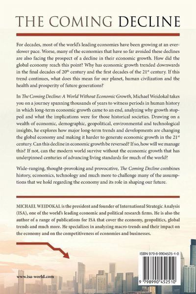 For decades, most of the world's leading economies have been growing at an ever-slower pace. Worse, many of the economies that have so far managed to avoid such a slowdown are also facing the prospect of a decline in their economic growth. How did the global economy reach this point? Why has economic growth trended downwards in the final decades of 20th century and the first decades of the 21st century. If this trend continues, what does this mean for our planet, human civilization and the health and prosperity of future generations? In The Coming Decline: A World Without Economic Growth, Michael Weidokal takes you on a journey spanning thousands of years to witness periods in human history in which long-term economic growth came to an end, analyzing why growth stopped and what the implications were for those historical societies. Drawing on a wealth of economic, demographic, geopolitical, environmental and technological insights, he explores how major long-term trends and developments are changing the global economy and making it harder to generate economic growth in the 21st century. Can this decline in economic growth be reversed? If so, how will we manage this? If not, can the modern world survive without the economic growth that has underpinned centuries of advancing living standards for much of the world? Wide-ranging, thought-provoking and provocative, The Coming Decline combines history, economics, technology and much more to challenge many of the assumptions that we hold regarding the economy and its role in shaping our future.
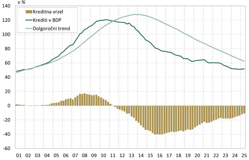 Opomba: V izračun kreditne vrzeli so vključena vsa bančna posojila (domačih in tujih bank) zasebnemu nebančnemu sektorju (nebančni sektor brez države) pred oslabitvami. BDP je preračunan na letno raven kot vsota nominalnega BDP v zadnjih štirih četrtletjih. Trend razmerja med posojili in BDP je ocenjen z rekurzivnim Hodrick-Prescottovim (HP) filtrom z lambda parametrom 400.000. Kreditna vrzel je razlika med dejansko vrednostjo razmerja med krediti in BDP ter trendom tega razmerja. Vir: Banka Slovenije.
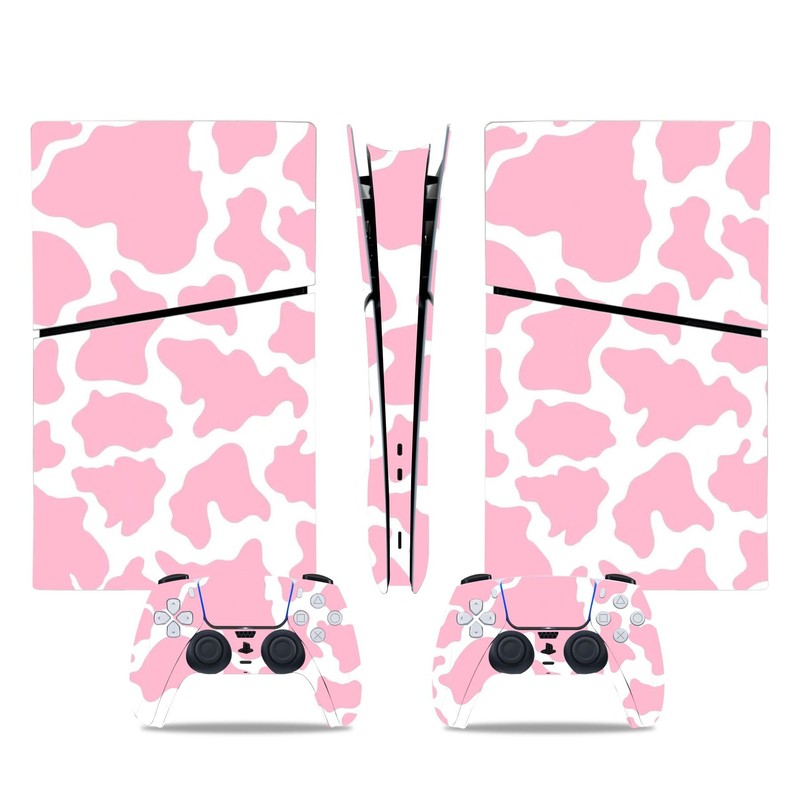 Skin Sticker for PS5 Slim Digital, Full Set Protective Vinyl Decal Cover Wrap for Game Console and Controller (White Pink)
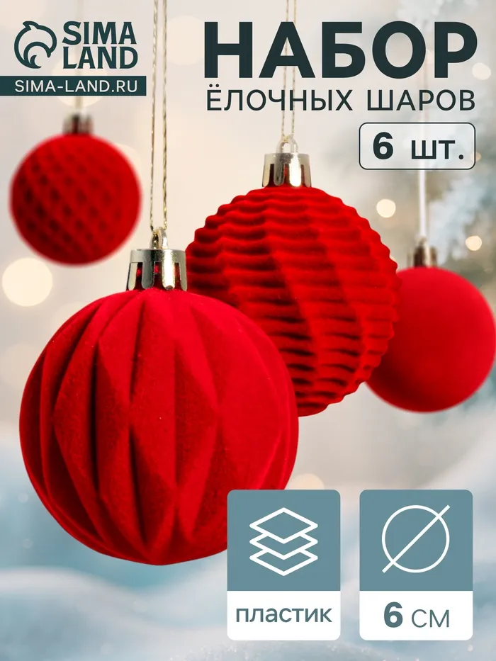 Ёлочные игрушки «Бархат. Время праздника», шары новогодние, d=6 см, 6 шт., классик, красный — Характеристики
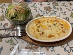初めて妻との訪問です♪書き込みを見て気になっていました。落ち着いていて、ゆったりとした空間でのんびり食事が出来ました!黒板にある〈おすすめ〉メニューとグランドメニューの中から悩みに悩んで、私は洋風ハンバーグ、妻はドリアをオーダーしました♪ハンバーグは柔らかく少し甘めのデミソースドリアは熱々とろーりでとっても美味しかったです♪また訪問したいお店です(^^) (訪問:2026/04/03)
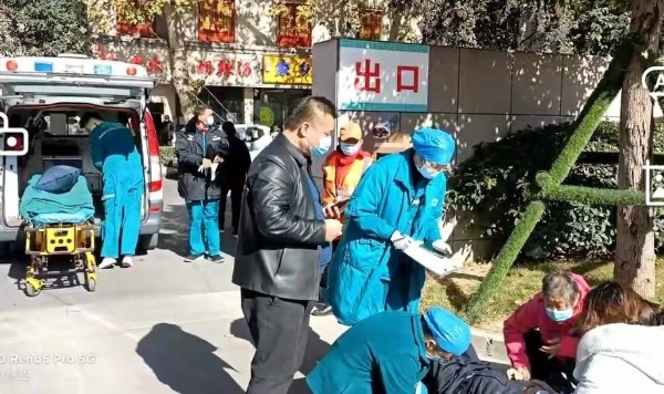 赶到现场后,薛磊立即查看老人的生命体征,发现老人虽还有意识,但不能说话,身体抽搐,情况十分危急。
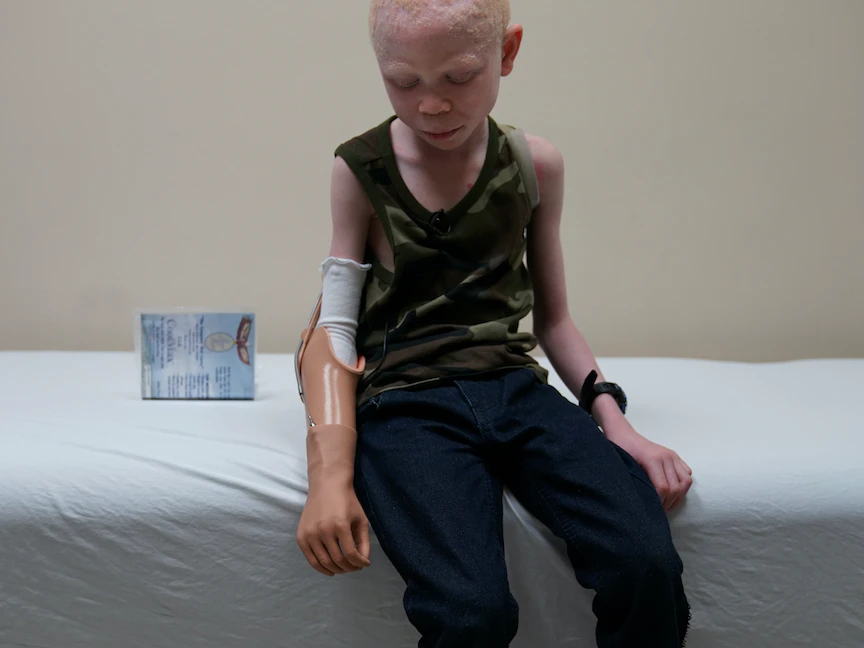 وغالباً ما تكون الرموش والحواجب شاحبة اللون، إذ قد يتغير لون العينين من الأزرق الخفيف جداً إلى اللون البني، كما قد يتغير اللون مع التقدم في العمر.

...

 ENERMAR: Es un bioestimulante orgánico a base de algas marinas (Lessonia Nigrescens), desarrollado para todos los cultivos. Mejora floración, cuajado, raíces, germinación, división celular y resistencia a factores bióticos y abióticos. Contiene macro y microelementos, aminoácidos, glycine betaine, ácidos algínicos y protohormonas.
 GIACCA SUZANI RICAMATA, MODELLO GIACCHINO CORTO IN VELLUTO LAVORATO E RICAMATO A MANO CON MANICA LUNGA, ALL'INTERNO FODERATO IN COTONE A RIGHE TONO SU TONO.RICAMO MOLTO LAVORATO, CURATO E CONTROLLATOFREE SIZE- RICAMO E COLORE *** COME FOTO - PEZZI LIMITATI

...

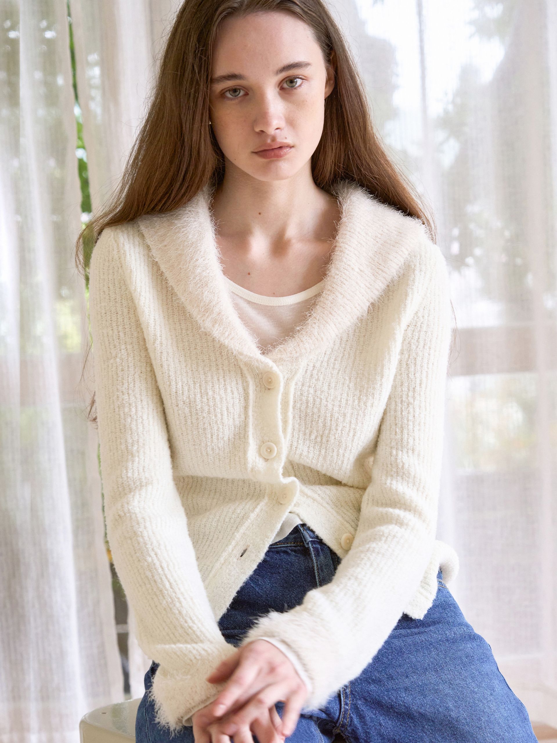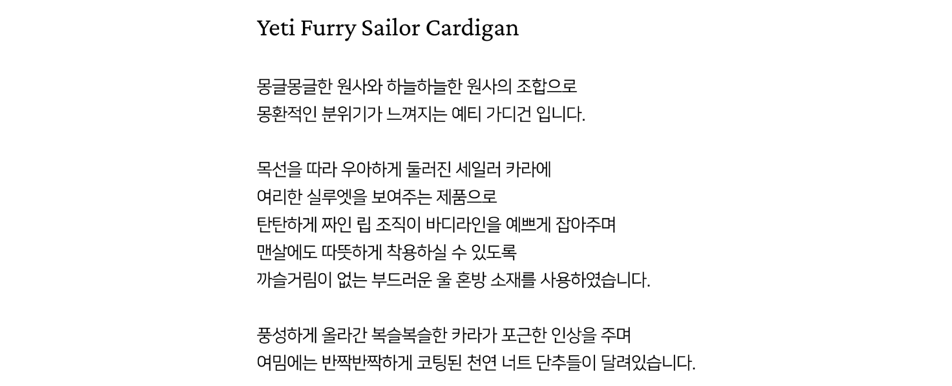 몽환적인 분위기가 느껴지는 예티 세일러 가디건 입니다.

Aim of the task
Using the data above, which lines fall from the one with "красный — Характеристики" through the one with "赶到现场后,薛磊立即查看老人"? Repeat them exactly, ends included, minus any pictures.

Exercise response
 Ёлочные игрушки «Бархат. Время праздника», шары новогодние, d=6 см, 6 шт., классик, красный — Характеристики
初めて妻との訪問です♪書き込みを見て気になっていました。落ち着いていて、ゆったりとした空間でのんびり食事が出来ました!黒板にある〈おすすめ〉メニューとグランドメニューの中から悩みに悩んで、私は洋風ハンバーグ、妻はドリアをオーダーしました♪ハンバーグは柔らかく少し甘めのデミソースドリアは熱々とろーりでとっても美味しかったです♪また訪問したいお店です(^^) (訪問:2026/04/03)
 赶到现场后,薛磊立即查看老人的生命体征,发现老人虽还有意识,但不能说话,身体抽搐,情况十分危急。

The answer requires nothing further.